[Stored entries]
#####

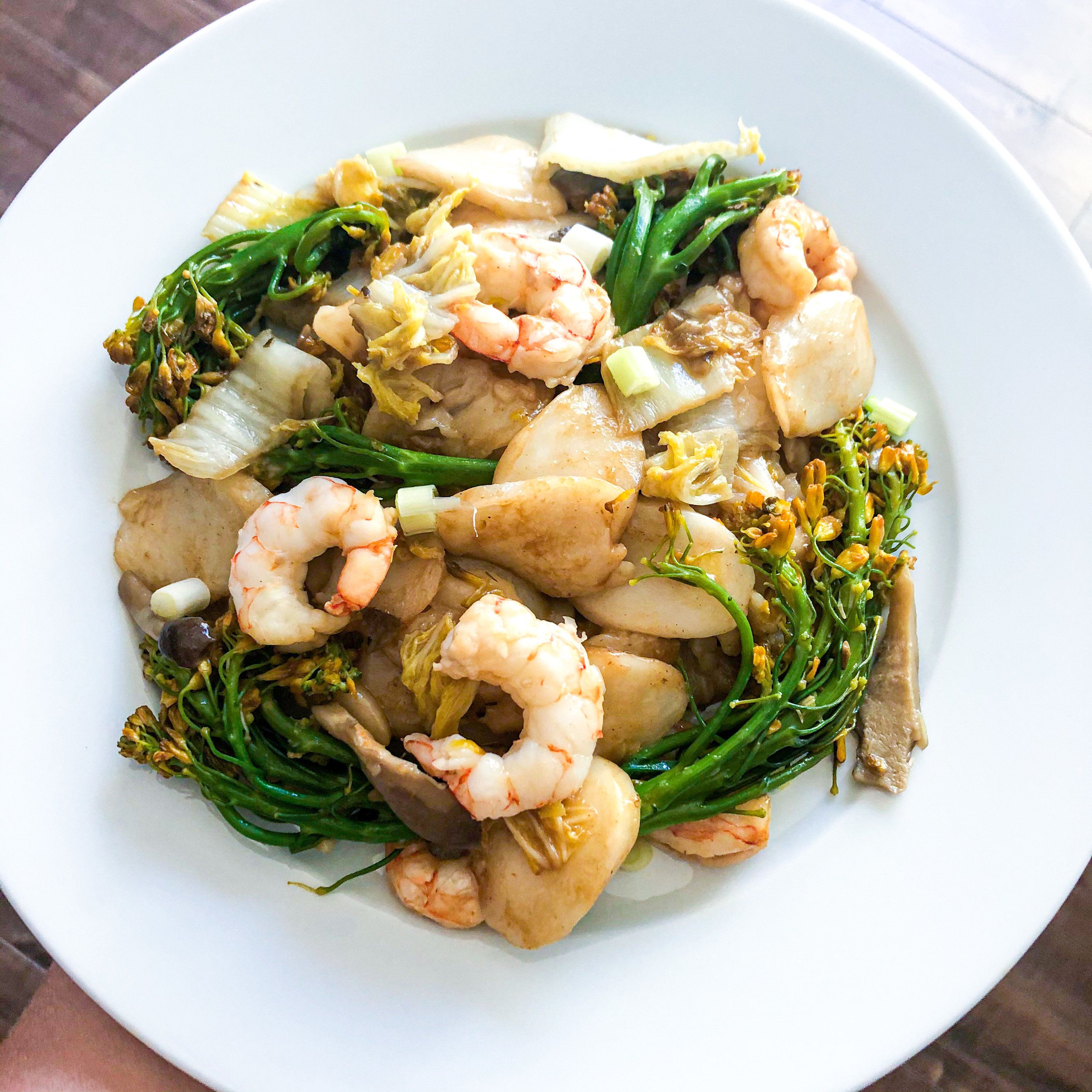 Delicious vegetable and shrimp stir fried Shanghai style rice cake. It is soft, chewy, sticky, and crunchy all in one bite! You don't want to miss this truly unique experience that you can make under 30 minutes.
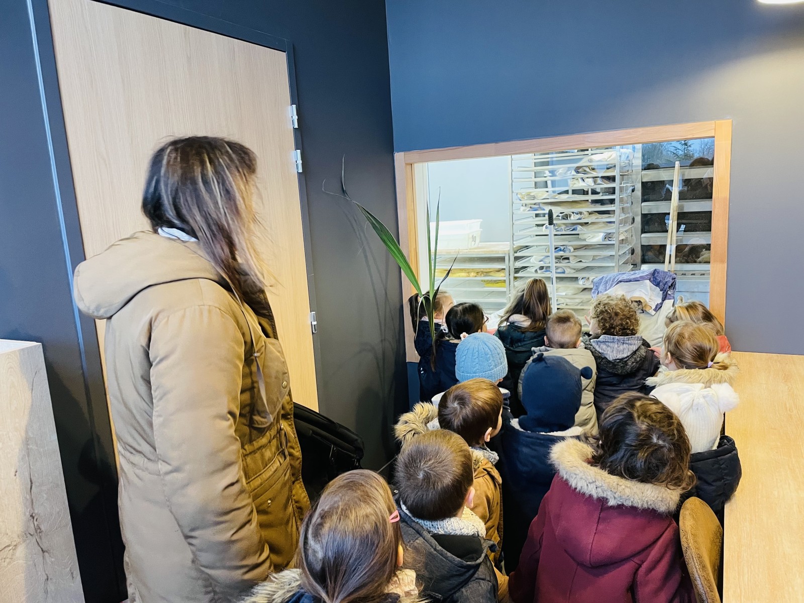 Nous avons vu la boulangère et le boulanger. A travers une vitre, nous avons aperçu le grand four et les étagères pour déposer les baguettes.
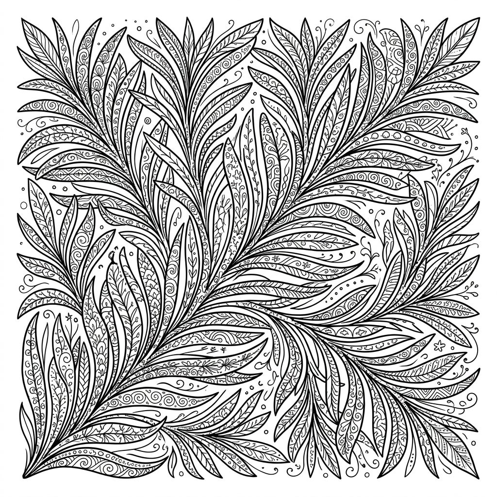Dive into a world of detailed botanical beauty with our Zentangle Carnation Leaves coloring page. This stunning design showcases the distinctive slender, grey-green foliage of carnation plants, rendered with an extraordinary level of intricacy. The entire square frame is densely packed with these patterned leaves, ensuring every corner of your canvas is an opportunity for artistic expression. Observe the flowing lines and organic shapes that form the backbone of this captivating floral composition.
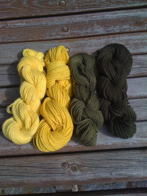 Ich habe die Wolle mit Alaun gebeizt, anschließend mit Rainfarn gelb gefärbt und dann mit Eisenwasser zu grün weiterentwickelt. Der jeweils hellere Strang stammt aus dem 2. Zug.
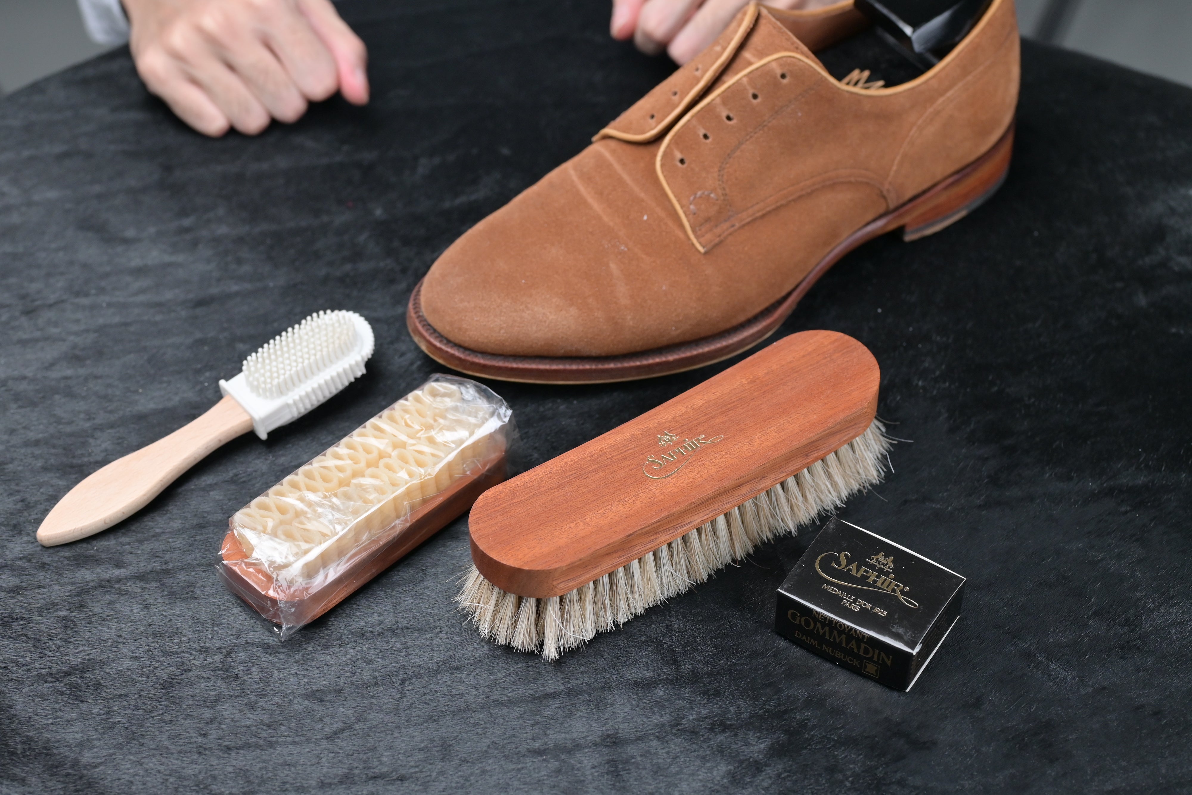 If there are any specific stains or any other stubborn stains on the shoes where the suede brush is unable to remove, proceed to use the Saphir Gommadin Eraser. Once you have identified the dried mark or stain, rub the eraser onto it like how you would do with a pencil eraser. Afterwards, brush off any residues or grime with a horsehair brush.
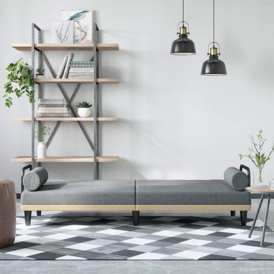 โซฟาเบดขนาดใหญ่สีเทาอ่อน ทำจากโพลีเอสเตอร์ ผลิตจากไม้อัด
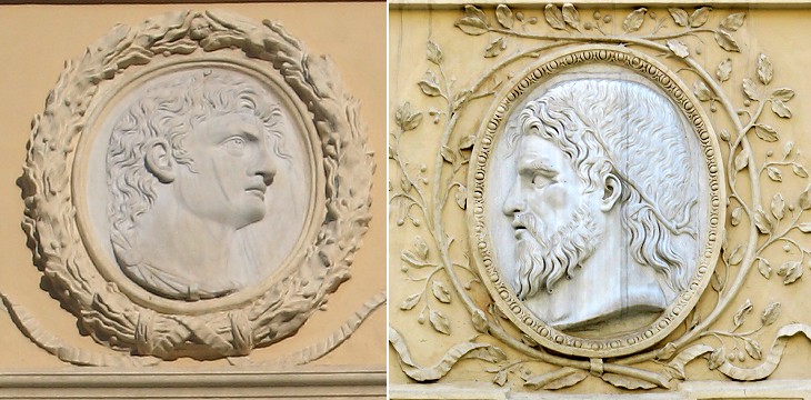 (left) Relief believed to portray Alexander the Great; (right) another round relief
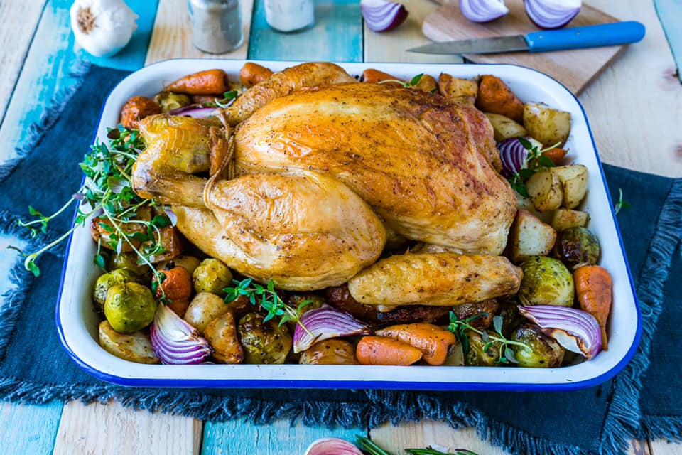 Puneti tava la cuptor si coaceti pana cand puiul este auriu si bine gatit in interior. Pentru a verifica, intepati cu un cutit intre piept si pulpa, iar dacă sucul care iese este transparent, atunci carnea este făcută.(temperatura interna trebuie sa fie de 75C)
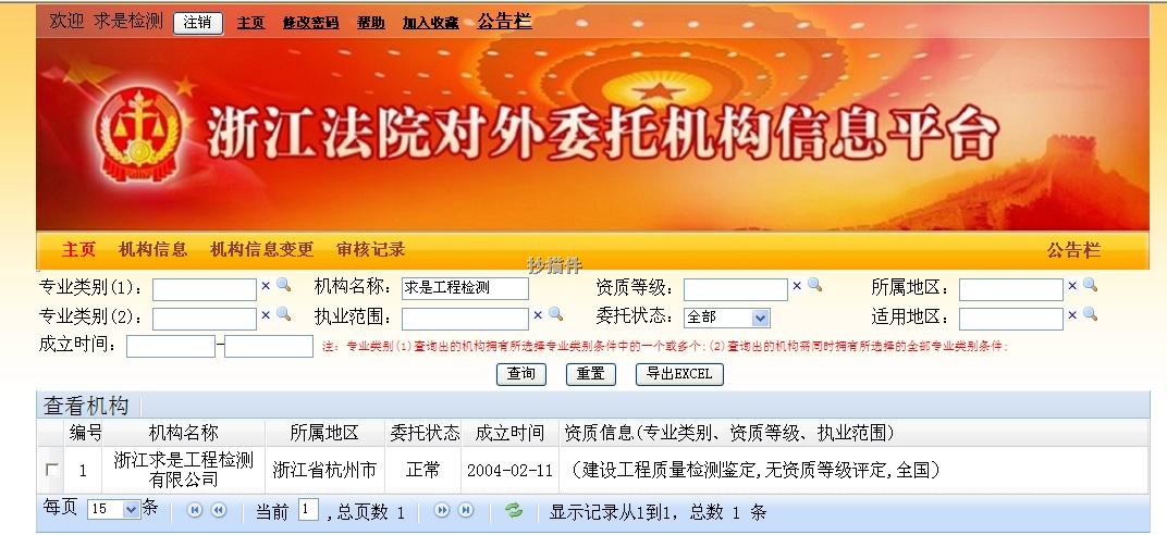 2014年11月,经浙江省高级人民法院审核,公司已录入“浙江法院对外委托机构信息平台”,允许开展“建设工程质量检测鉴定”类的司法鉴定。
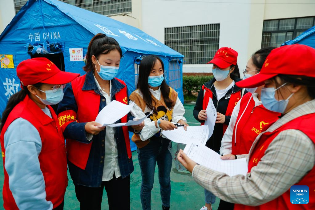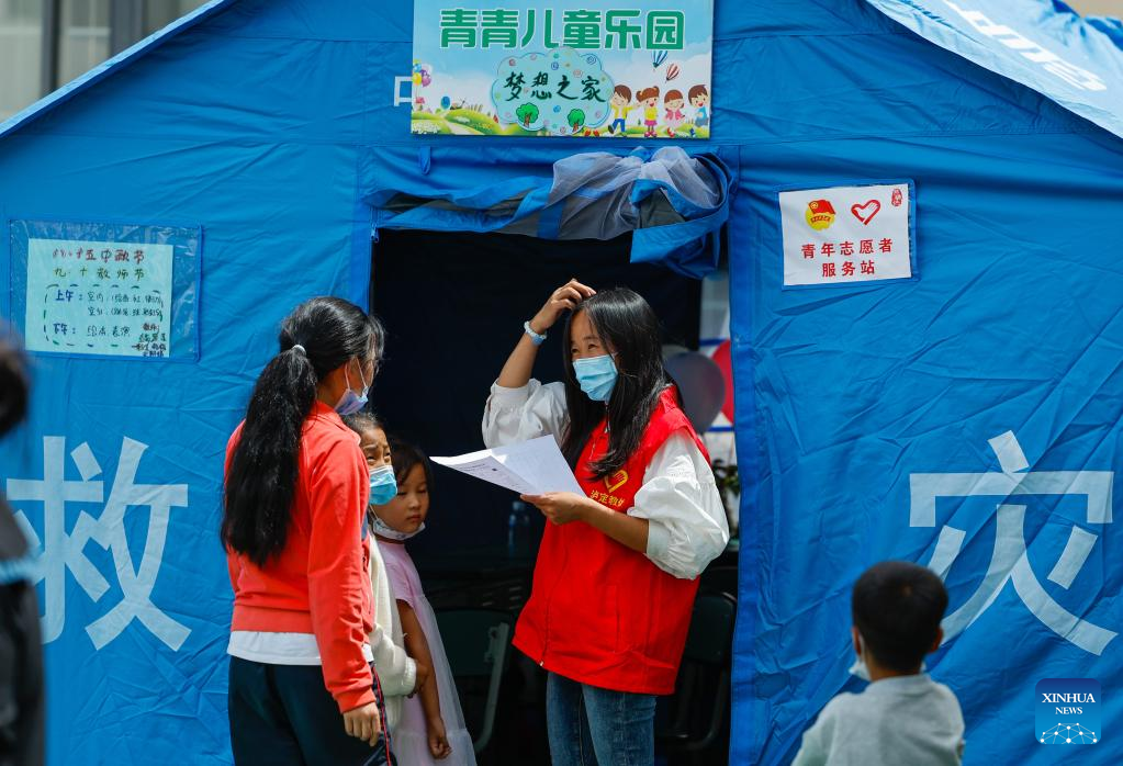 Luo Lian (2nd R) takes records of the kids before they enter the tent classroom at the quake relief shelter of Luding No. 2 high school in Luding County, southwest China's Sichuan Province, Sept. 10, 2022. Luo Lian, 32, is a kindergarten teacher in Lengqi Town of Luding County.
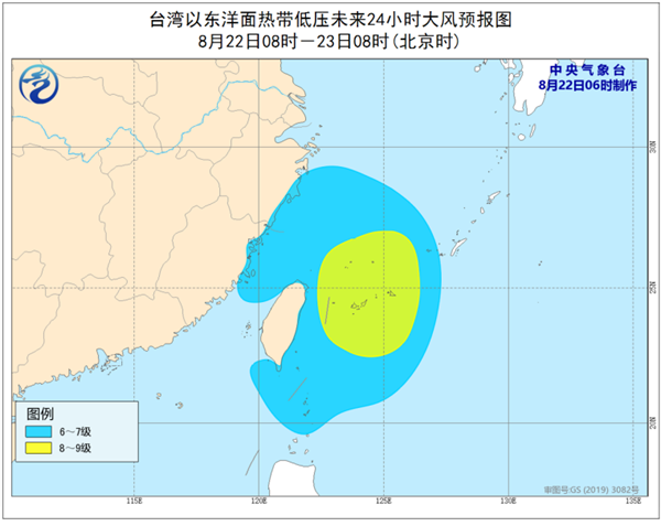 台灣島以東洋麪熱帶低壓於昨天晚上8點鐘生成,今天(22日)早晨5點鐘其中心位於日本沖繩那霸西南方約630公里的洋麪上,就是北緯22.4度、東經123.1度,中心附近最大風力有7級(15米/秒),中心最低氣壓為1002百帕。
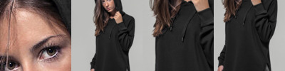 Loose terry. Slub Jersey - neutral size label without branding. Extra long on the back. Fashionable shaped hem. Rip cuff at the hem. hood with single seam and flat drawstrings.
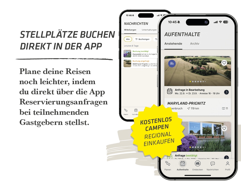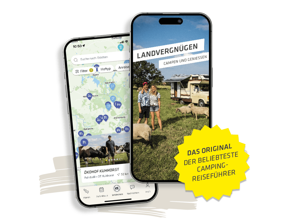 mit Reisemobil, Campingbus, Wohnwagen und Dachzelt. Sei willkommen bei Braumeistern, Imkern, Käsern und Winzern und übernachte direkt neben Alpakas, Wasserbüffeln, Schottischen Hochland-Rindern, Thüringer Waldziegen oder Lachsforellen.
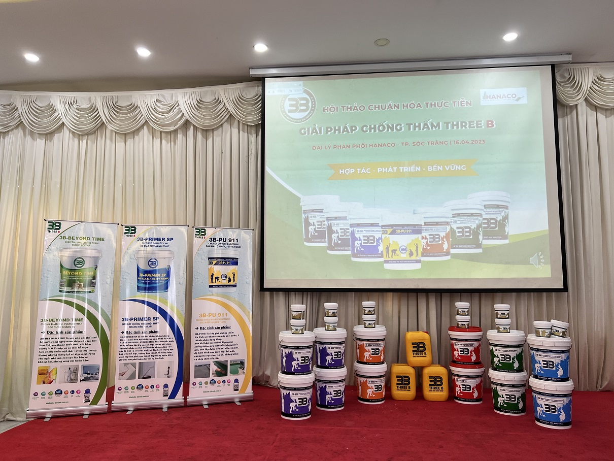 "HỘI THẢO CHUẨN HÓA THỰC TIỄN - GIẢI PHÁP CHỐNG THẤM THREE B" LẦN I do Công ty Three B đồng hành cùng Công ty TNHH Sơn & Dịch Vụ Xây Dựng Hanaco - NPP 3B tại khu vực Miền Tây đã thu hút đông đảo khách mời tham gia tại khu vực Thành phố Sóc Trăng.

#####

What you will do: Pictures aside, return exactly the lines from the data above, starting at the line that has "Luo Lian (2nd" and ending at the line that has "Loose terry. Slub", both included.

Task response:
 Luo Lian (2nd R) takes records of the kids before they enter the tent classroom at the quake relief shelter of Luding No. 2 high school in Luding County, southwest China's Sichuan Province, Sept. 10, 2022. Luo Lian, 32, is a kindergarten teacher in Lengqi Town of Luding County.
 台灣島以東洋麪熱帶低壓於昨天晚上8點鐘生成,今天(22日)早晨5點鐘其中心位於日本沖繩那霸西南方約630公里的洋麪上,就是北緯22.4度、東經123.1度,中心附近最大風力有7級(15米/秒),中心最低氣壓為1002百帕。
 Loose terry. Slub Jersey - neutral size label without branding. Extra long on the back. Fashionable shaped hem. Rip cuff at the hem. hood with single seam and flat drawstrings.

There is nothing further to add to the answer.